AIM OF THE EXERCISE. Output the complete listing exactly, please, and keep the pictures out of it.

COLLECTED DATA.
▽

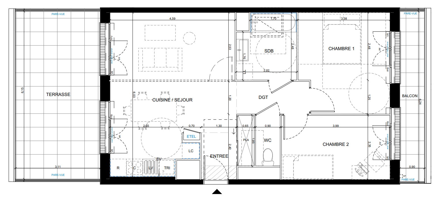 | Voir | Disponible | 301 308€ | B43 | Appt. | - | 62.35m2 | 4ème | Disponible | 301 308€ | Voir |
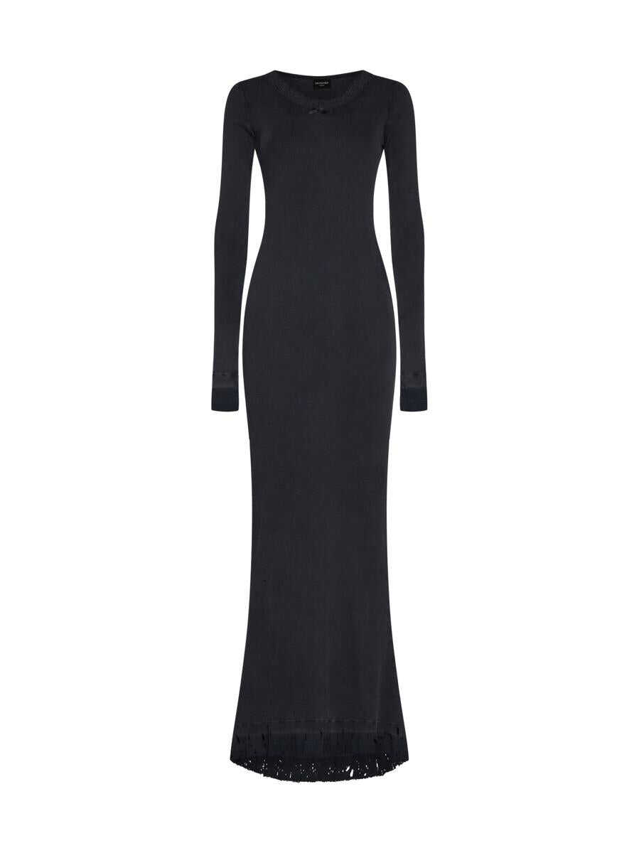 Balenciaga’s long nightgown-style dress in washed black ribbed knit cotton featuring a lace-trimmed wide V-neck with front bow, extra long sleeves, fitted silhouette flared at the hem and all-over distressed effect with holes along the edges.
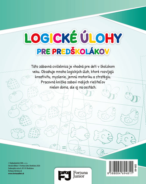 Obsahuje mnoho logických úloh, ktoré rozvíjajú kreativitu, myslenie, jemnú motoriku a stratégiu. Pracovná knižka zabaví malých riešiteľov nie len doma, ale aj na cestách.

△

SOLUTION BELOW.
 | Voir | Disponible | 301 308€ | B43 | Appt. | - | 62.35m2 | 4ème | Disponible | 301 308€ | Voir |
 Balenciaga’s long nightgown-style dress in washed black ribbed knit cotton featuring a lace-trimmed wide V-neck with front bow, extra long sleeves, fitted silhouette flared at the hem and all-over distressed effect with holes along the edges.
 Obsahuje mnoho logických úloh, ktoré rozvíjajú kreativitu, myslenie, jemnú motoriku a stratégiu. Pracovná knižka zabaví malých riešiteľov nie len doma, ale aj na cestách.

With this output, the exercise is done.